- Exercise goal:
Please output exactly the lines below, starting at the line that has "حضور نماینده مردم" and ending at the line that has "Abb. 3: Vielfältiges", both included; leave out all pictures and include nothing else.

---

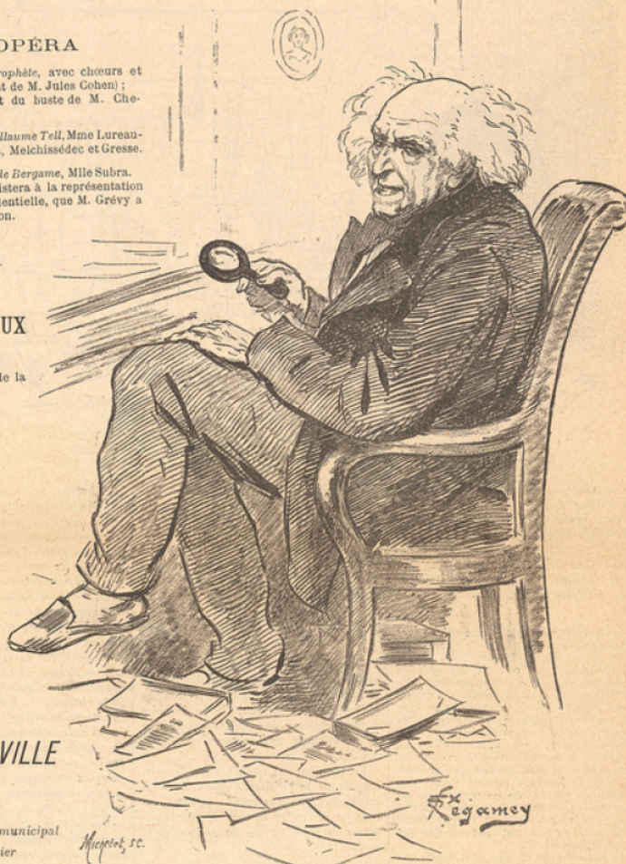
M. CHEVREUL DANS SON CABINET DE TRAVAIL.
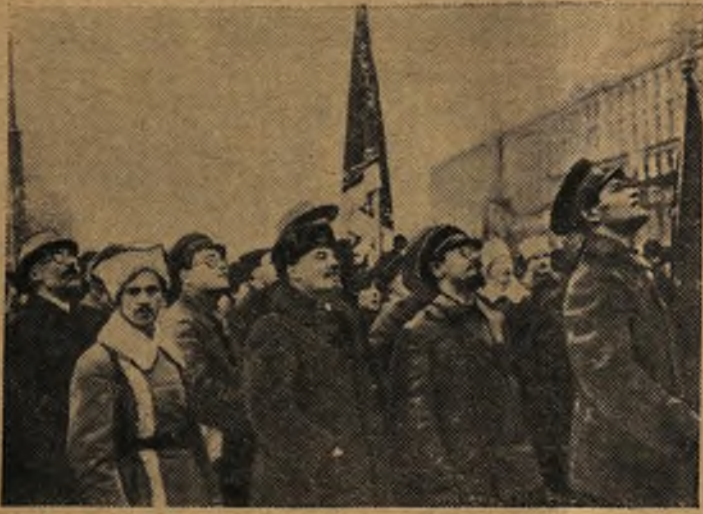
В. И. Ленин и Я. М. Свердлов на площади Революции в Москве (1918 г.).
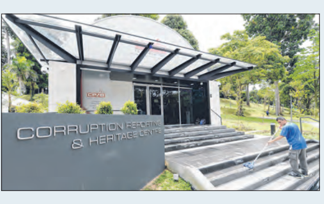
PUSAT LAPORAN RASUAH DAN WARISAN CPIB
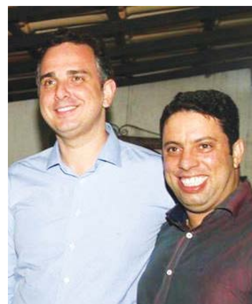
Senador Rodrigo Pacheco e o deputado Igor Timo em evento
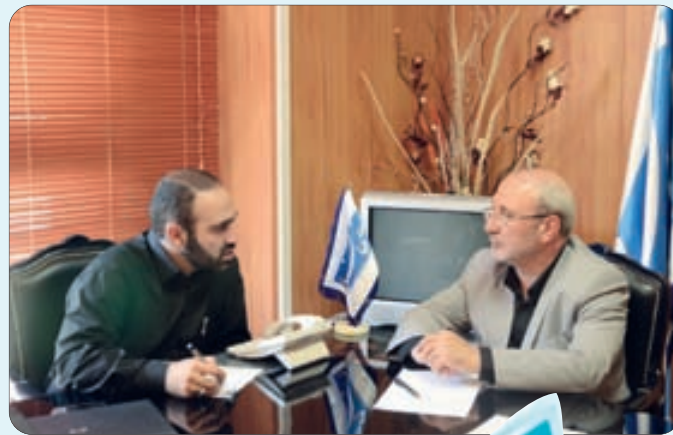
حضور نماینده مردم شاهین شهر، برخوردار و میمه در در روزنامه اصفهان زیبا
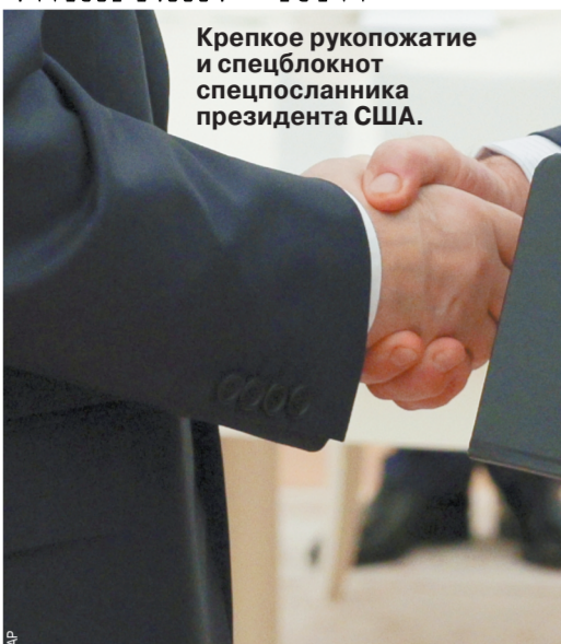
Крепкое рукопожатие и спецблэктоут спецпосланника президента США.
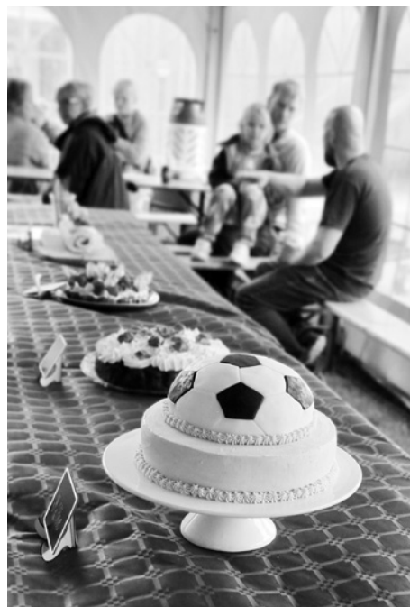
Tornbys Store Bagedysts vinderkage.
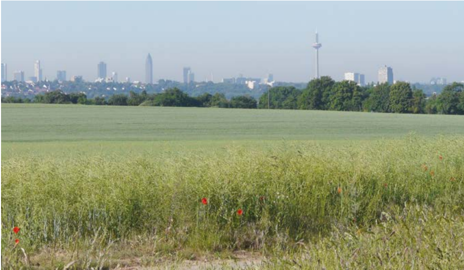
Abb. 3: Vielfältiges Hessen: Die Region Südwest ist geprägt durch die Metropolregion Frankfurt-Rhein-Main. Hier wird das Landschaftsbild zumeist von Siedlungsflächen und landwirtschaftlichen Nutzflächen geprägt, wie hier in Frankfurt am Main.
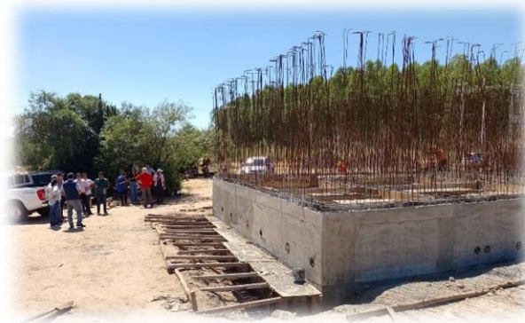
Planta de tratamiento de agua en construcción con capacidad de tratamiento de 130 m 3 /h
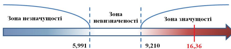
Рис. 2. Інтервали значущості для ступенів вільності N=2

Поряд із визначенням рівнів навчальних досягнень студентів ЕГ та КГ проводилася оцінка рівнів пізнавальної діяльності студентів у ході виконання фізичного практикуму з використанням КОЗН «Quantum Physics» на основі тих критеріїв і показників, що пропонувалися викладачам у вигляді фіксованих для оцінки активності ПДС. При цьому кожний з викладачів у відповідному ЗВО оцінював не лише якісну, а й кількісну активність ПДС за дев'ятьма критеріями, серед яких виокремилися два: «Стабільна мотивація та достатня активність» і «Характер спілкування з викладачем та з однокурсниками», котрі для ЕГ складають
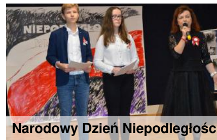
Narodowy Dzień Niepodległości
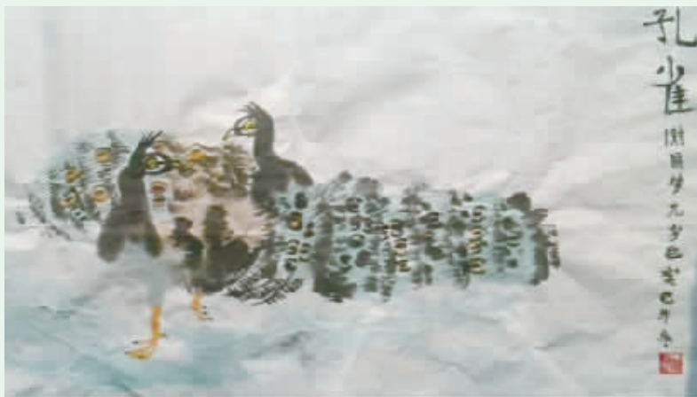
周口闫庄小学四(2)班 谢圆梦 编号:130273
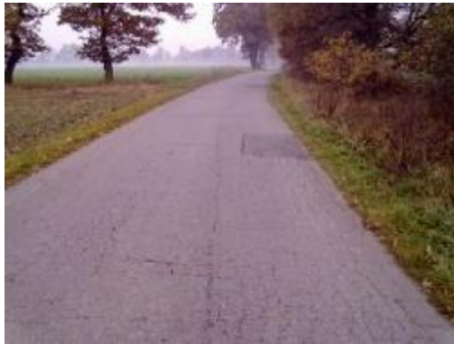
ul. Bijasowicka przed remontem
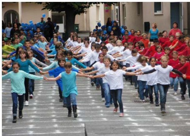
Spectacle d'inauguration du projet Comenius le 16 octobre Plus de 200 enfants réunis pour accueillir les délégations...
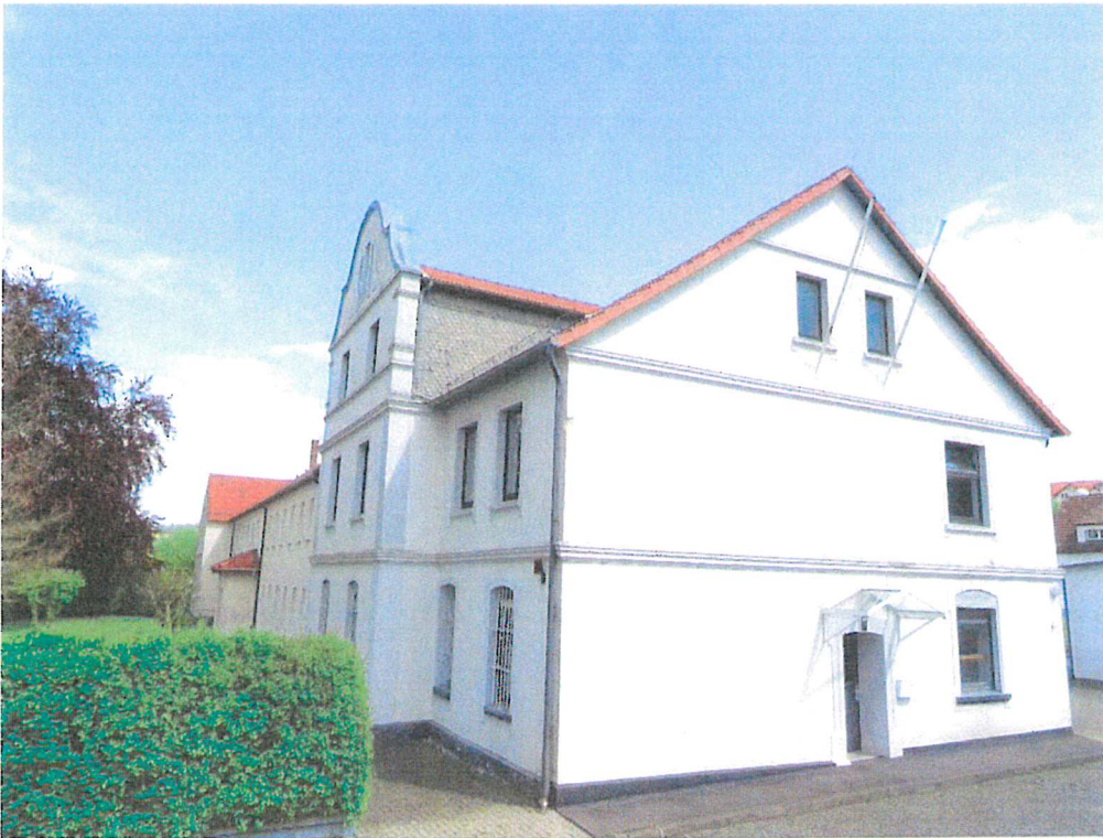
Homberg Bild 2

---

- Response to the task:
حضور نماینده مردم شاهین شهر، برخوردار و میمه در در روزنامه اصفهان زیبا
Крепкое рукопожатие и спецблэктоут спецпосланника президента США.
Tornbys Store Bagedysts vinderkage.
Abb. 3: Vielfältiges Hessen: Die Region Südwest ist geprägt durch die Metropolregion Frankfurt-Rhein-Main. Hier wird das Landschaftsbild zumeist von Siedlungsflächen und landwirtschaftlichen Nutzflächen geprägt, wie hier in Frankfurt am Main.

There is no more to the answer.